Its construction began in 1475 on a Romanesque-Mudéjar hermitage and today is one of the best preserved castles of the Community of Madrid. It was raised on the river Manzanares, as a residential palace of the House of Mendoza, in the vicinity of an ancient fortress that was abandoned once the new castle was built.
The castle now houses a museum of Spanish castles and hosts a collection of tapestries. It was declared a Monumento Histórico-Artístico in 1931. It is owned by the Duchy of the Infantado, but its management is the responsibility of the Community of Madrid.
The lands bordering the upper reaches of the River Manzanares, rich in pastures and forests, were the subject of frequent disputes between different powers that emerged after the Reconquista. The communities of Villa y Tierra de Segovia and Madrid had several disputes over the 13th century, which were resolved in the 14th century by King John I of Castile with the donation of the comarca to his steward, Pedro Gonzalez de Mendoza.
The eldest Mendoza son, Diego Hurtado de Mendoza, Admiral of Castile, is credited with building the first fortress, now known as the Old Castle of Manzanares el Real, although it is likely that this building had an earlier origin. In the last third of the 15th century, the House of Mendoza decided to build a new castle-palace, larger and more luxurious, in accordance with the remarkable economic and political influence achieved by this family.

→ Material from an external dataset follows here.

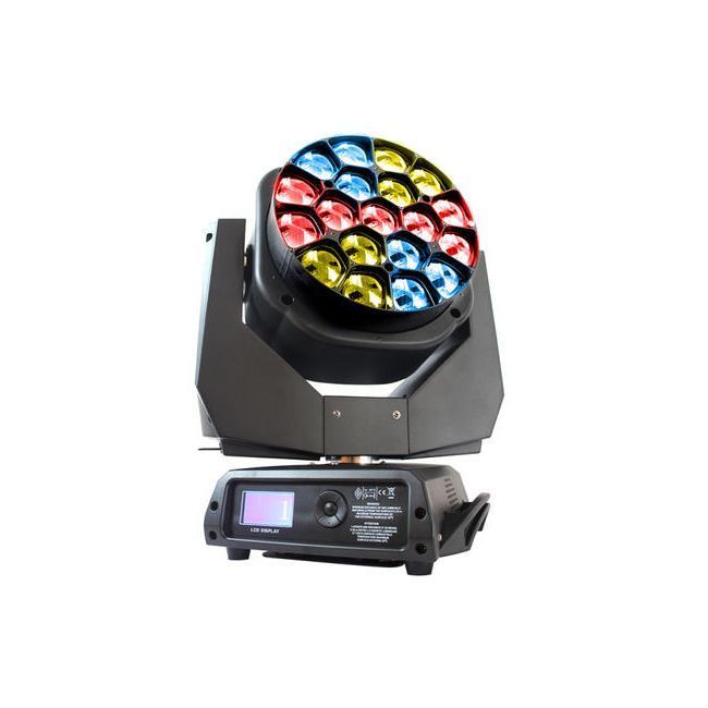 ColorWash Magic - Вращающаяся голова. Zoom: линейный от 4°до 60°, 19 высокомощных (15 Вт) светодиодов OSRAM OSTAR. Управление: DMX512 (21/35/78/97/92 + Выделенный канал для настройки цветовой температуры), звуковая активация, автоматический режим, master/slave. Габариты: 494x358x253 мм. Вес: 15 кг.
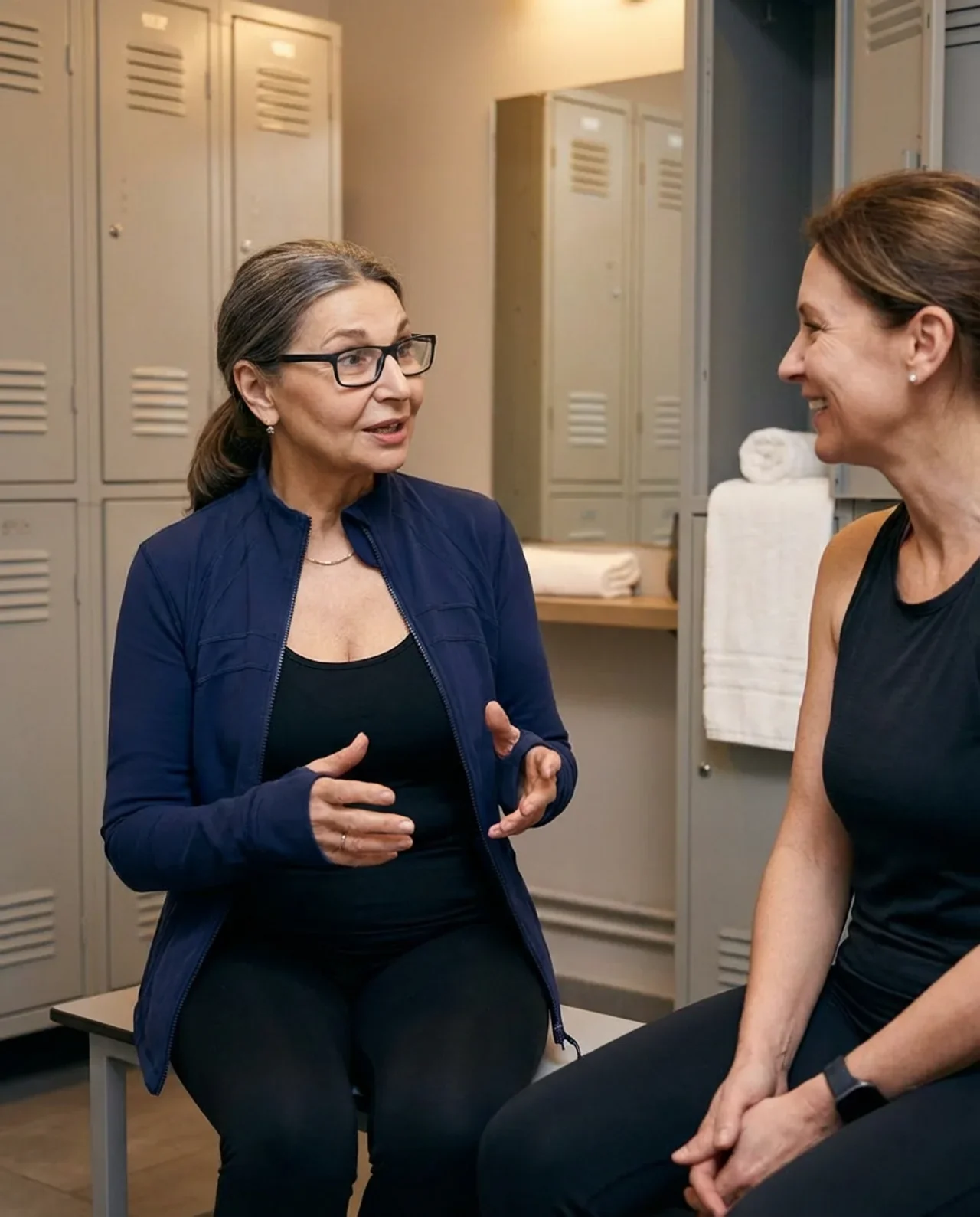 Obok mnie przebierała się kobieta w moim wieku. Spojrzała na mnie i zapytała przyjaźnie:

Work began in 1475. Diego Hurtado de Mendoza, 1st Duke of the Infantado, did not live long enough to see the castle completed. It was his eldest son, Íñigo López de Mendoza, who finished construction under the direction of the architect Juan Guas, author of Palace of the Infantado, of Guadalajara.
The role of the castle as a palatial residence lasted only a century. With the death in 1566 of Íñigo López de Mendoza y Pimentel, 4th Duke of the Infantado, the castle ceased to be inhabited, as economic problems and disputes arose between the heirs of the House of Mendoza.
The castle was one of the locations used in the movie El Cid (1961).
In 1982, the castle hosted the act of establishment of the Parliamentary Assembly of Madrid, during which the region's Statute of Autonomy was also presented.
The castle, quadrangular, is constructed entirely of granite stone. It has four circular towers. Its vertices are decorated with balls in the Isabelline Gothic style. The main hexagonal tower is one of the highlights.
The building is topped by a terrace with machicolation and turrets. It includes a rectangular courtyard with porticos and two galleries supported by octagonal columns. The Gothic gallery on the first floor is considered the most beautiful in Spanish military architecture. On the southern chemin de ronde the gallery is flaming trace on parapets decorated with diamond shapes.
The whole castle is surrounded by a barbican, which includes loopholes and, carved in low relief, the cross of the Holy Sepulchre of Jerusalem, a title held by Pedro Gonzalez de Mendoza. Other defensive elements of the building includes its pockets.
The castle has six floors, plus a basement: ground floor, mezzanine first, main floor, mezzanine second, upper gallery and gallery of covers. The main gate is flanked by two towers with an arch between them.